Environmental change explains cichlid adaptive radiation at Lake Malawi over the past 1.2 million years

Abstract

Long paleoecological records are critical for understanding evolutionary responses to environmental forcing and unparalleled tools for elucidating the mechanisms that lead to the development of regions of high biodiversity. We use a 1.2-My record from Lake Malawi, a textbook example of biological diversification, to document how climate and tectonics have driven ecosystem and evolutionary dynamics. Before ∼800 ka, Lake Malawi was much shallower than today, with higher frequency but much lower amplitude water-level and oxygenation changes. Since ∼800 ka, the lake has experienced much larger environmental fluctuations, best explained by a punctuated, tectonically driven rise in its outlet location and level. Following the reorganization of the basin, a change in the pacing of hydroclimate variability associated with the Mid-Pleistocene Transition resulted in hydrologic change dominated by precession rather than the high-latitude teleconnections recorded elsewhere. During this time, extended, deep lake phases have abruptly alternated with times of extreme aridity and ecosystem variability. Repeated crossings of hydroclimatic thresholds within the lake system were critical for establishing the rhythm of diversification, hybridization, and extinction that dominate the modern system.
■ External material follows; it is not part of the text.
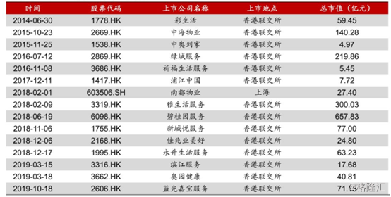 紧接着,中海物业、中奥到家、绿城服务均赴港上市。单2018年,主板上市的物业服务公司就新增6家,截止目前,联交所上市14家,A股上市1家(南都物业),新三板还挂牌了50家左右。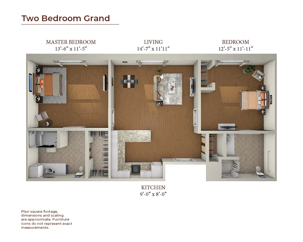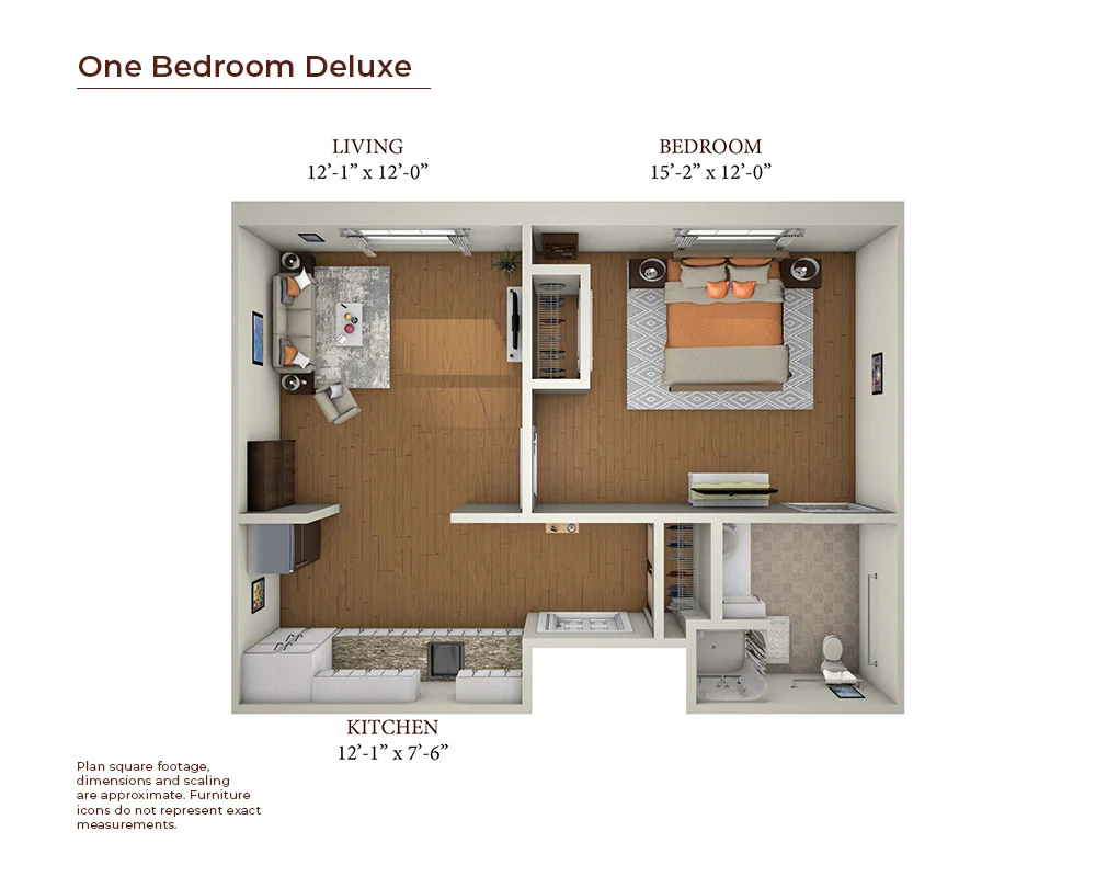 The One-Bedroom Deluxe includes a galley kitchen with full-sized appliances and a sun-drenched living area. The large bedroom has plenty of storage space and a private, accessible ensuite bathroom.

The chronology of these changes closely matches both the timing and pattern of phylogenetic history inferred independently for the lake's extraordinary array of cichlid fish species, suggesting a direct link between environmental and evolutionary dynamics.

Keywords: adaptive radiation; cichlid evolution; paleoclimate; paleoecology; tropical climate.

Fig. 1.

Map of Africa with the location of Lake Malawi with respect to July and January ITCZ positions. (Inset) Topographic map of Lake Malawi and its watershed, including the Ruhuhu River. The red dot indicates the core location.

Fig. 2.

Lake Malawi paleoenvironments with global/regional records for the last 1.2 My. (Left to Right) First principal component of biogenic and mineralogical facies from MAL05-1B from this study, first principal component of physical properties (5) from MAL05-1B (both associated with lake-level variability), percent near monospecific Limnocythere ostracodes, percent S. jenkinae ostracodes, percent Ilyocypris ostracodes, percent Cyperaceae pollen (sedges), and inferred depositional environment from this study. Region/global records are δD from the Vostok ice core (39) and East African Rift Valley lake levels [adapted from Trauth et al. (26)]. mblf, Meters below lake floor.

Fig. 3.

Evolutive spectrum of PC1 from core MAL05-1B using the multitaper mean method on 80-ky intervals with 20-ky steps. Color background is significant at 50% with 90% significance contour. Gray bars show precessional (18.6 to 25.6 ky) and suborbital frequencies (9.3 to 12.8 ky).

Fig. 4.

Proposed insolation thresholds (vertical bars) for maintaining overflow conditions during pre– and post–800-ka intervals. (A) A higher insolation threshold would have been required to maintain an open lake once the sill outlet elevation rose and the maximum lake depth deepened. (B) The lake responds to insolation variability above threshold values by rising and transforming in state. This is intensified during the post–800-ka period, when deep blue lake conditions prevail most continuously every 400 ky, comparable to modern Lake Malawi. This contrasts with green lakes during insolation lows below the insolation threshold, when the lake was comparable to modern Lake Turkana. (C) Evolutionary responses include major cycles of diversification and extinction every ∼400 ky. Other phylogenetic events that match this chronology discussed in the main text include an initial evolution of rock and sand habitat adaptations ∼800 ka, green lake phase extinctions and hybridization of rock-dwelling (mbuna) littoral cichlids, radiation of trophic morphologies at ∼400 ka, and diversification of modern color specializations during the most recent (current) blue lake phase.